A leading light in analyzing and predicting the impact of clean disruptive technology is Stanford economist, Tony Seba. In a jaw-dropping, comprehensive, two-hour viral video , he dramatically illustrates our future in the first few minutes. From a photograph of a New York’s Fifth Avenue, taken in 1900, he asks his audience to pick out the automobile in the packed crowd of horse-drawn vehicles. Then, in a picture from 1913, in the same location, it is just as difficult to spot the one horse amidst the automobiles that materialized in just 13 years. The experience is highly recommended.

New York City, 1908
New York City 1908. Where are the cars?

Seba earned his reputation through his spot-on predictions of the solar boom. His current projections, based on technology cost curves, business model and product innovation, include: 1) By 2030, all new energy will be provided by solar or wind. 2) All new mass-market vehicles will be electric and autonomous (self-driving) or semi-autonomous. 3) The car market will shrink by 80%. 4) Gasoline, natural gas and coal will be obsolete (nuclear is already obsolete). 5) Up to 80% of highways and parking space won’t be needed. 6) And not only will the auto insurance industry be disrupted, car ownership and the taxi industry will be obsolete.

Streets of Detroit, 1910
Detroit 1910. Where are the horses?

Not fanciful when you consider expensive automobiles now sit idle, on average, 20 hours a day and electric vehicles are price competitive, especially when you factor in maintenance. Just before going to press, Common Ground had a conversation with Guy Dauncey, an author – his latest book is Journey to the Future: A Better World Is Possible – and activist. Dauncey has developed a positive vision of a sustainable future and he is translating that vision into action. “Guess how many people in the Lower Mainland have joined the handful of car-sharing opportunities?” he asked. “The answer is 120,000!”

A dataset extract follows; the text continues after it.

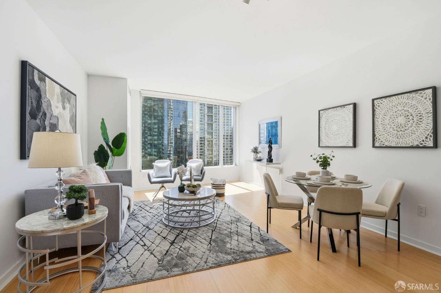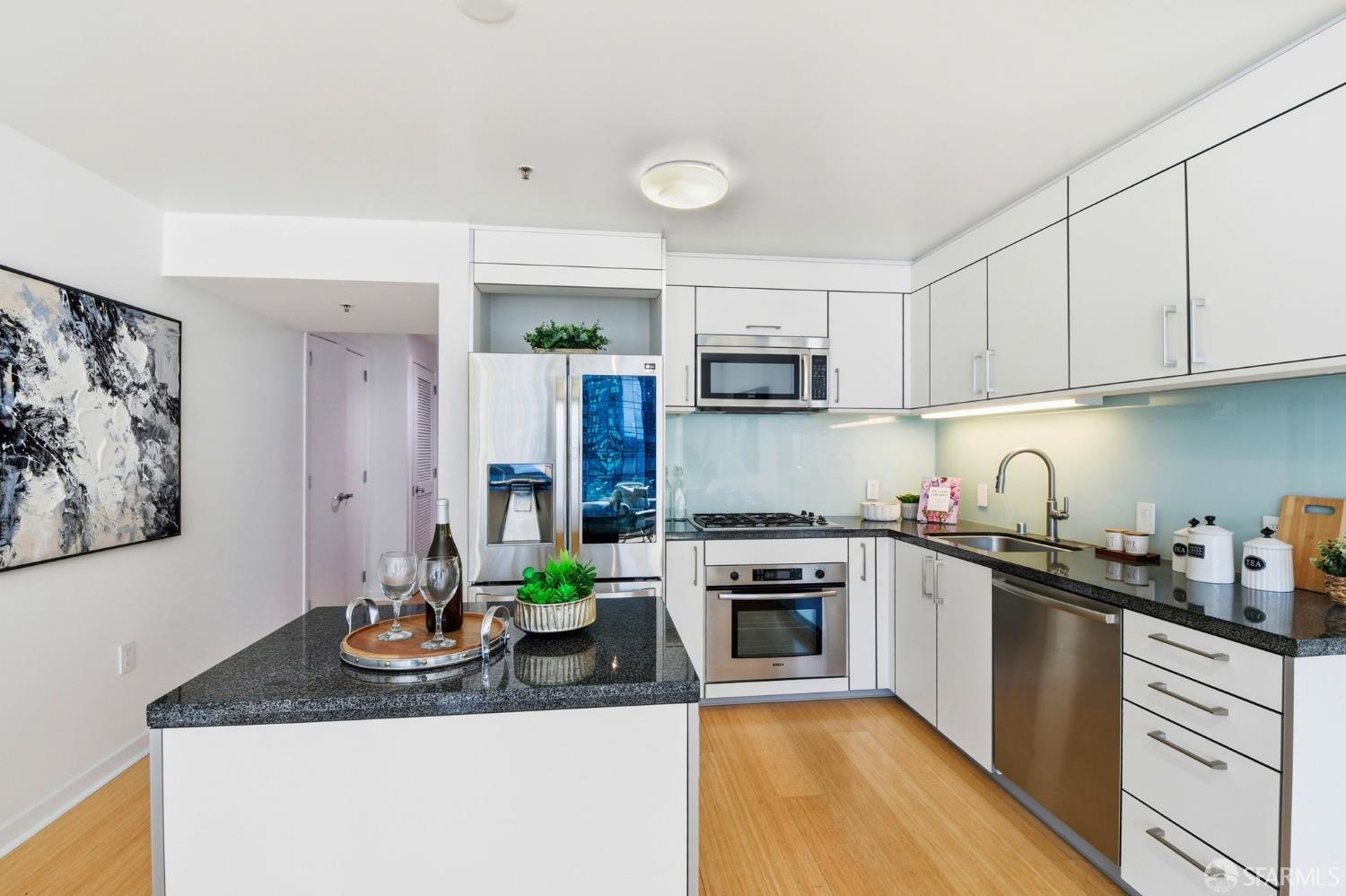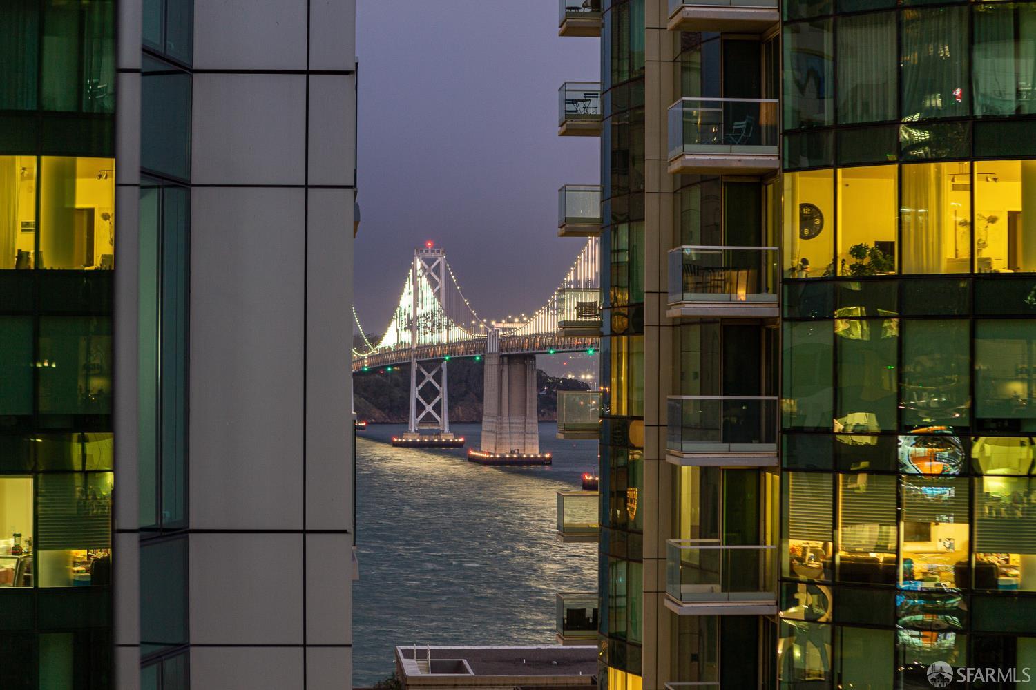 Sky High ! The Infinity Nothing Less – A few homes define the true Infinity lifestyle and this is one of them!!! Well maintained with wooden floors and all the high quality finishes The Infinity is known for. Engaging views that are changing and becoming more dynamic over time : even featuring greenery. One of the best 1 bedroom floor plans in all of South Beach. Generous bedroom size and well portioned SPA like bathroom too. Walk in closetis a dream and XXL. Entertaining is always effortless and makes a statement! Step inside and you are fully immersed in the city views that captivate and mesmerize by night! All details are truly bespoke! The HUB of AI is HERE ! Upon entry the open and bright spaces immerse you. The kitchen has a suite of Bosch appliances and a signature XXL refrigerator. The Bosch gas cooktop with an oven is integrated into the stone countertops. Glass backsplash is one of a kind and reflects the underneath cabinet lights creating a modern sleek look. Studio Becker cabinets speaks volumes for the high quality throughout. Cooking and entertaining become one as the living room flows seamlessly from here. XXL floor to ceiling windows are throughout the home with a slight curve inviting the city views and bright sun into the home. Escape to a well portioned bedroom with views, large walk in closet and many options to add cozy seating areas. A hallway separating the bedroom and bathroom can accommodate a lovely home office set up. Bathroom has XXL shower over tub. Limestone tiles throughout with well organized vanity and modern lighting evokes the opportunity for a SPA experience. In unit washer and dryer, independent deeded parking, community staff and all the 5 Star Infinity amenities: 5K sq ft GYM, Pool, Luxe Club Lounge, Business Center, Theater Room & more that have set the standard for San Francisco luxury living completes the home. Waterfront access with iconic restaurants, cafes, shopping and the BallPark. Chase center is within reach and easy transportation options. Waterbar, The Ferry Building, Saint Frank Coffee all here. Highway 80, 101, 280 and MUNI, BART, & CALTRAIN.

Dauncey had another question: “What if BC and Canada – like Norway – had governments that not only subsidized the purchase of electric vehicles, but also provided HOV lane access, free parking and free charging (from street light lampposts)?”

Our economy no longer provides what most of us, unlike Christy Clark, consider real, good jobs. Fighting climate change supports families, sustains communities and provides a more equitable distribution of wealth, which our current economy no longer provides.

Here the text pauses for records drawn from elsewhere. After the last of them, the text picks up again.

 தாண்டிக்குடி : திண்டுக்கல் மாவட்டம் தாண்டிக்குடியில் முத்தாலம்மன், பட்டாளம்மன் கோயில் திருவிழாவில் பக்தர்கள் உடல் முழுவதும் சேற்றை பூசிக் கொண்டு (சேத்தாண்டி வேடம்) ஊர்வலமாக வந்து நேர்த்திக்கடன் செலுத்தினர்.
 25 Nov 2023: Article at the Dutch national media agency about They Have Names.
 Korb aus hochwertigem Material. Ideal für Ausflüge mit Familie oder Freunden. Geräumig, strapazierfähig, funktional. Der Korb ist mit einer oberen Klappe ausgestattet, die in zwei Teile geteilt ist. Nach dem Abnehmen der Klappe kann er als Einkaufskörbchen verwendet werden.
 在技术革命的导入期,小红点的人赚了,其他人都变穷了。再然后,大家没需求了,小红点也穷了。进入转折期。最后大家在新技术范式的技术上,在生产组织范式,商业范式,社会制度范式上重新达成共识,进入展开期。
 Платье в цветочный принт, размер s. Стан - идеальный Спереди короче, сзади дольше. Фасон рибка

In his most recent book, Just Cool It!, David Suzuki (co-author Ian Hanington) writes, “The economy is a human invention, a tool that can be changed when it no longer suits our needs. The environment is the very air, water, land and diversity of plant and animal life we cannot live without. Why not work to build a healthy prosperous economy that protects things?”

Drawing on new innovations such as grid power systems, biochar soil technologies and algae-based biofuels, the authors outline practical, forward-thinking solutions for not only resolving the climate crisis, but also to create more meaningful work to directly benefit more people. All that is missing is that people demand change and action, as they apparently have just done in BC. When finally this happens, the results will be monumental.

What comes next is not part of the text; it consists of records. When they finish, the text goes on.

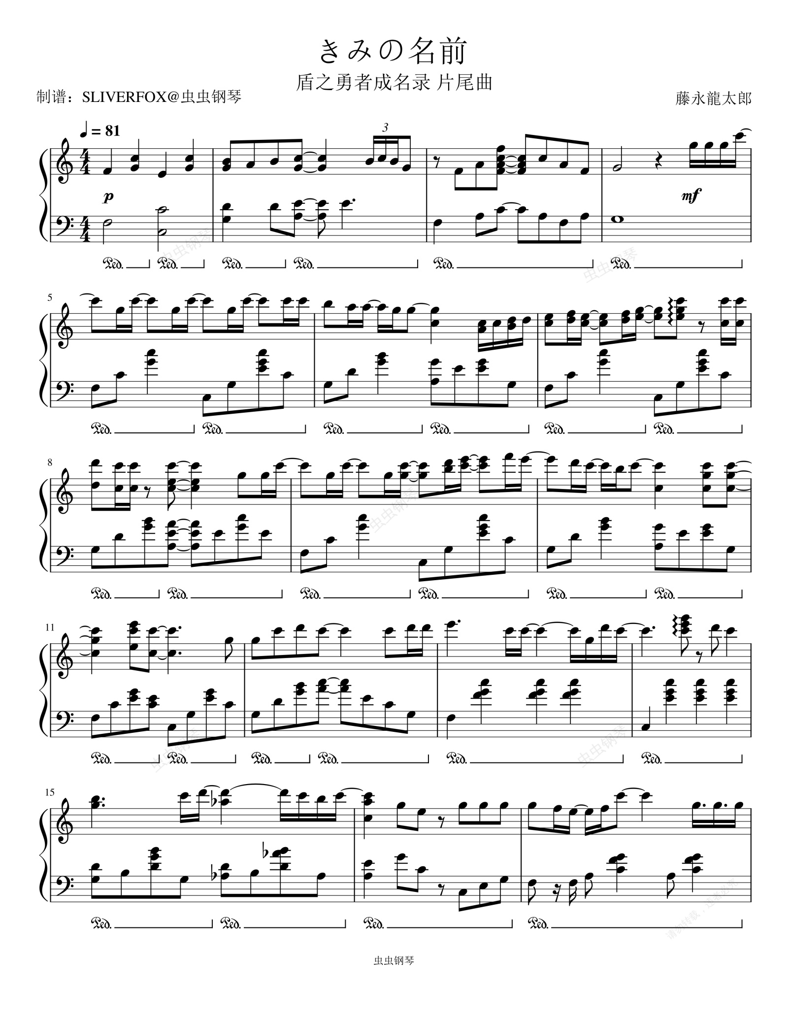 钢琴谱:《きみの名前》盾之勇者成名录片尾曲(你的名字)C调独奏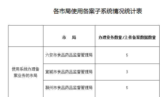 截至2016年1月11日,我省共办理第一类医疗器械备案584个,备案子系统统计数据显示:仅有六安、宣城、滁州3市局使用该系统,六安、宿州、池州等7市局向国家总局共上传了10份备案数据(具体情况见附件)。合肥、亳州、淮南、蚌埠、马鞍山、铜陵、安庆、黄山等8市局以及广德、宿松县局仍未启用备案子系统。我省使用系统和上传备案的数量均位居全国后列。请未上传数据的市局务必于2月底前上传至子系统。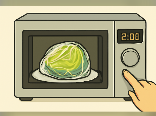 - 양배추를 전자레인지에 2분간 데운다 (또는 찜기 사용)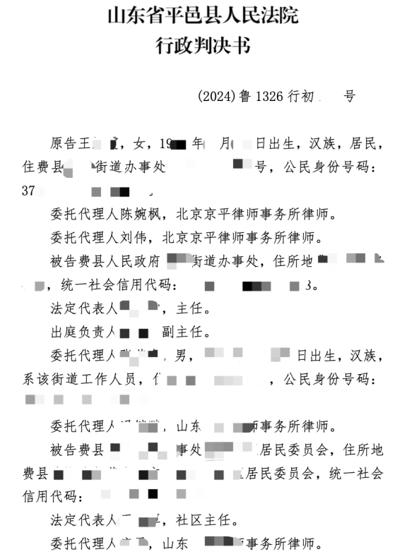 两位京平拆迁律师接到求助后,凭借丰富的拆迁维权经验和专业知识,对案情进行了深入分析,并指导委托人收集、整理证据。在充分准备的基础上,律师以费县某街道办事处为被告,向法院提起行政诉讼,请求确认强拆行为违法。然而街道办为了推脱自己的责任,申请居委会作为被告参加诉讼。庭审中,两被告相互配合,居委会自认其为强拆主体。对此,京平律师给予了有力的回击。京平律师庭上指出居委会作为自治组织,并非行政主体,依法不具有强制搬迁的法定职责,居委会的拆除行为本质上是受行政机关委托或指示,其法律后果应当由行政机关承担。并且,京平通过指导王女士提供的证据,清晰地证明了本次拆迁补偿安置主体正是街道办,进一步明确了街道办应当为强拆行为承担法律责任。最终,法院采纳了京平律师的观点,作出了公正判决。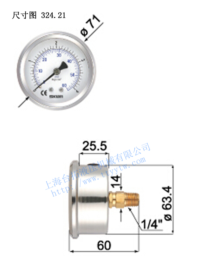 臺灣協鋼SKON充油式壓力表324.21尺寸圖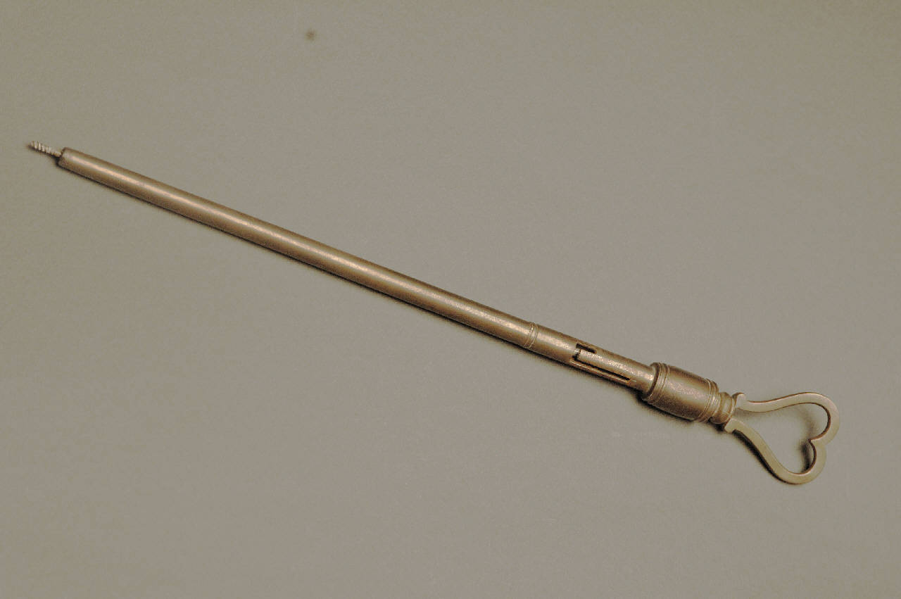 Lo strumento è costituito da due cannule d'acciaio, poste l'una dentro l'altra, all'interno delle quali può scorrere un'asta più sottile, terminante con una punta acuta a vite, manovrabile attraverso un manubrio posto all'estremità dello strumento.

When looking for a new job, start by changing your mindset and searching for something society needs. And think disruptive. In the aftermath of the provincial election, it’s past time to demand that elected public servants not only take big money out of a reformed electoral process, but that they also take disruptive action in order to catch up and build a better, re-imagined, BC.

Bruce Mason is a Vancouver and Gabriola Island-based banjo player, gardener, writer and author of Our Clinic.

Lead photo: Inside a wind turbine factory.